Рассказы Нарайана поражают широтой охвата, легкостью, с которой писатель переходит от одной интонации к другой. Самые различные чувства — смех и мягкая ирония, сдержанный гнев и грусть о незадавшихся судьбах своих героев — звучат в авторском голосе, придавая ему глубоко индивидуальный характер.

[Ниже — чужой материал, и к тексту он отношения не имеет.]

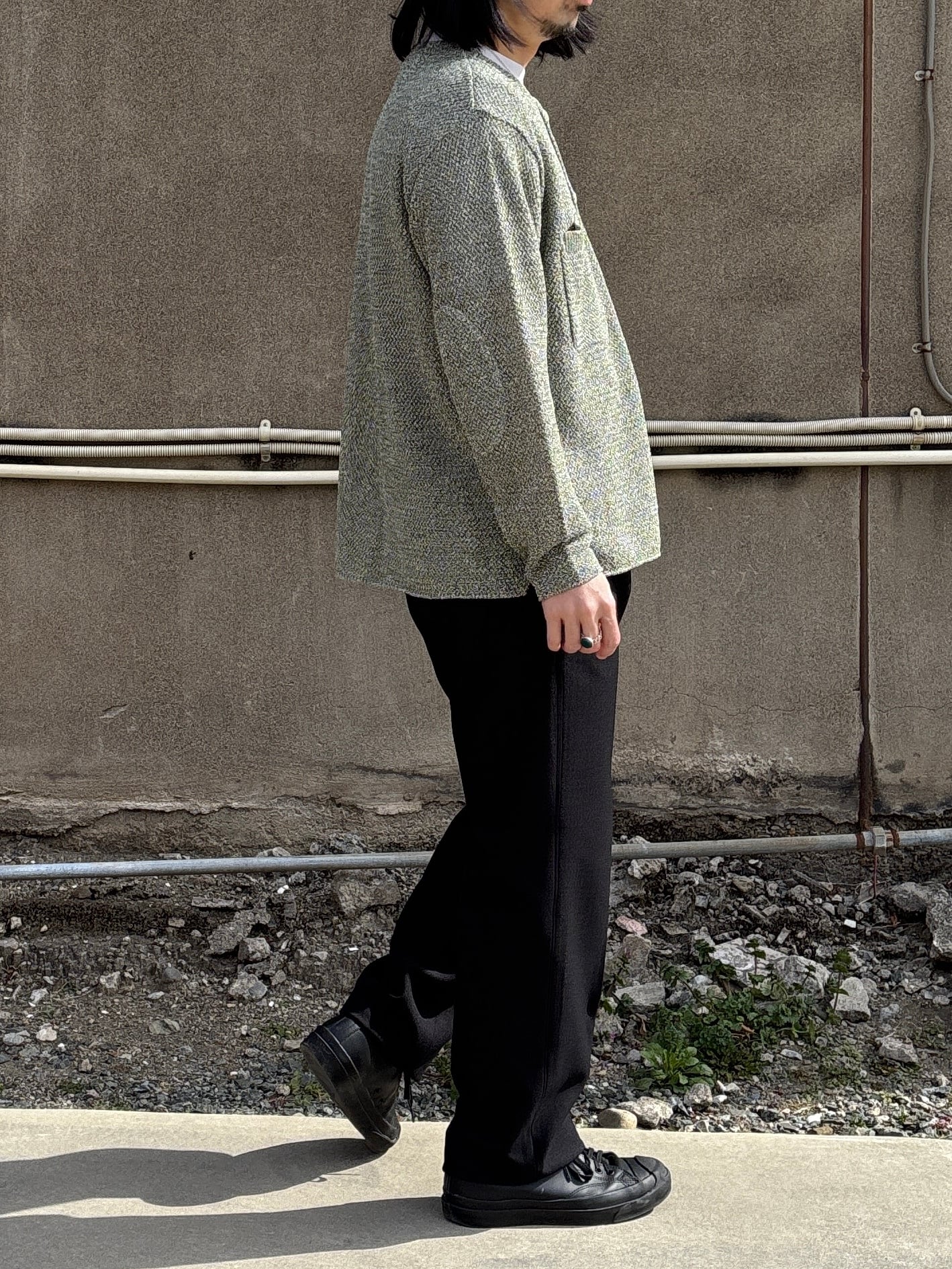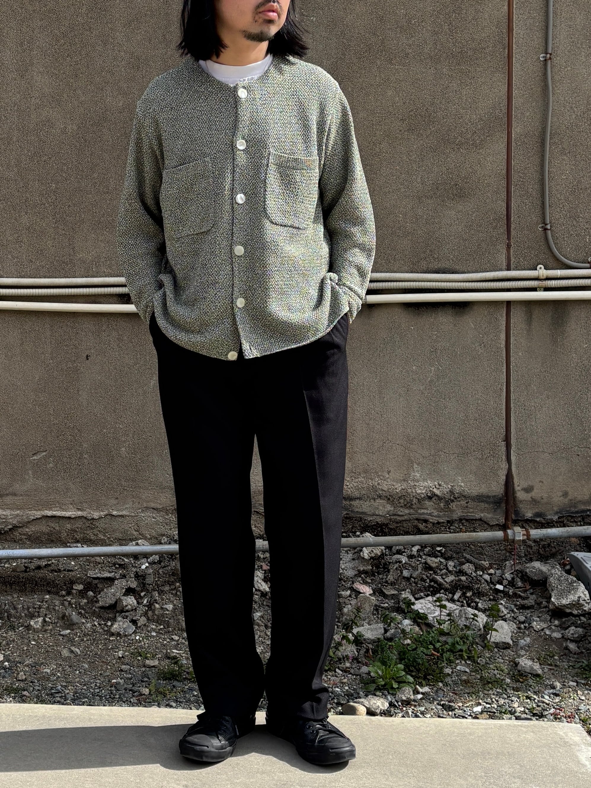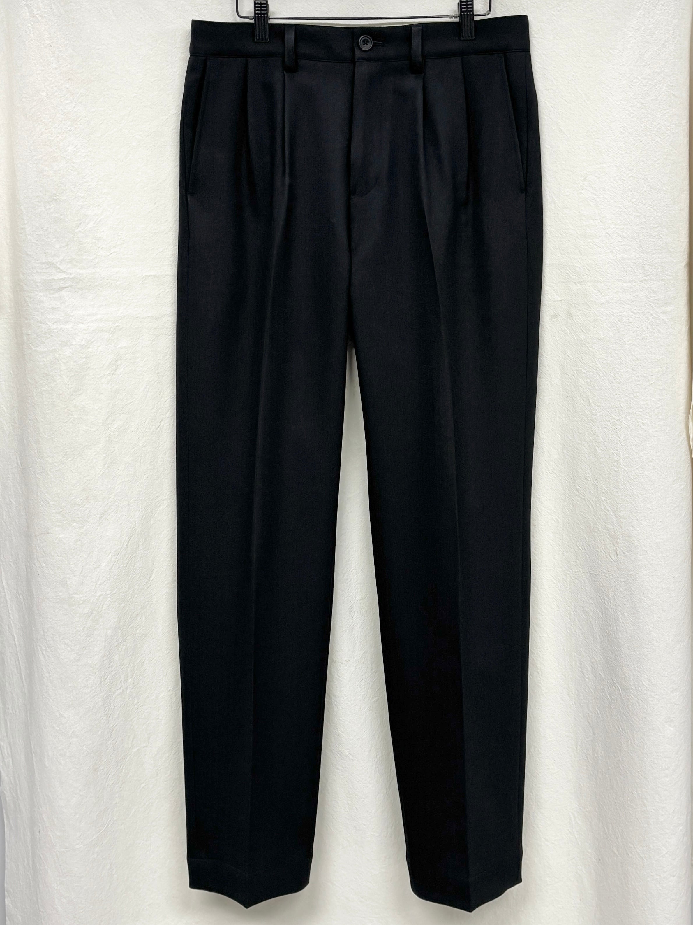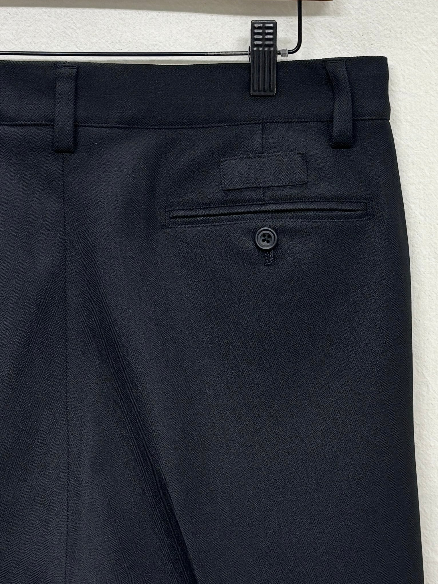 今期のテーマのワークスタイルにリンクしたドライ感のあるポリエステル糸とカチオン糸を使用することで染分けの表情感を出したヘリンボーン素材で仕立てタックパンツ。

Ботус Окцитанус, или Восьмиглазый скорпион

«Ботус Окцитанус, или восьмиглазый скорпион» [«Bothus Occitanus eller den otteǿjede skorpion» (1953)] — это остросатирический роман о социальной несправедливости, лицемерии общественной морали, бюрократизме и коррумпированности государственной машины. И о среднестатистическом гражданине, который не умеет и не желает ни замечать все эти противоречия, ни критически мыслить, ни протестовать — до тех самых пор, пока ему самому не придется непосредственно столкнуться с произволом властей.


Столик у оркестра

В книге рассказывается история главного героя, который сталкивается с различными проблемами и препятствиями на протяжении всего своего путешествия. По пути он встречает множество второстепенных персонажей, которые играют важные роли в истории. Благодаря опыту главного героя книга исследует такие темы, как любовь, потеря, надежда и стойкость. По мере того, как главный герой преодолевает свои трудности, он усваивает ценные уроки жизни и растет как личность.


Крысолов

Невил Шют (Nevil Shute, 1899–1960) — настоящее имя — Невил Шют Норуэй. Родился в местечке Илинг (графство Миддлсекс). В годы первой мировой войны служил в английской армии, после войны окончил Оксфордский университет. Увлекался аэронавтикой, работал инженером-авиаконструктором. Первый роман «Маразан» опубликовал в 1926 году. За этим романом последовали «Презренные» (1928) и «Что случилось с Корбеттами» (1939). С окончанием второй мировой войны Шют уехал в Австралию, где написал и опубликовал свои самые известные романы «Город как Элис» (1950) и «На берегу» (1957).В книгу вошли два лучших романа писателя: «Крысолов» и «На берегу».Драматические события романа «Крысолов» происходят во Франции и сопряжены со временем гитлеровской оккупации.


На берегу

Невил Шют (Nevil Shute, 1899–1960) — настоящее имя — Невил Шют Норуэй. Родился в местечке Илинг (графство Миддлсекс). В годы первой мировой войны служил в английской армии, после войны окончил Оксфордский университет. Увлекался аэронавтикой, работал инженером-авиаконструктором. Первый роман «Маразан» опубликовал в 1926 году. За этим романом последовали «Презренные» (1928) и «Что случилось с Корбеттами» (1939). С окончанием второй мировой войны Шют уехал в Австралию, где написал и опубликовал свои самые известные романы «Город как Элис» (1950) и «На берегу» (1957).В книгу вошли два лучших романа писателя: «Крысолов» и «На берегу».Сюжет романа «На берегу» лег в основу прославленного фильма американского режиссера Стенли Крамера «На последнем берегу».Nevil Shute.


Невидимый

Ярослав Гавличек (1896–1943) — крупный чешский прозаик 30—40-х годов, мастер психологического портрета. Роман «Невидимый» (1937) — первое произведение писателя, выходящее на русском языке, — значительное социально-философское полотно, повествующее об истории распада и вырождения семьи фабриканта Хайна.


Игра в бисер

В книге рассказывается история главного героя, который сталкивается с различными проблемами и препятствиями на протяжении всего своего путешествия. По пути он встречает множество второстепенных персонажей, которые играют важные роли в истории. Благодаря опыту главного героя книга исследует такие темы, как любовь, потеря, надежда и стойкость. По мере того, как главный герой преодолевает свои трудности, он усваивает ценные уроки жизни и растет как личность.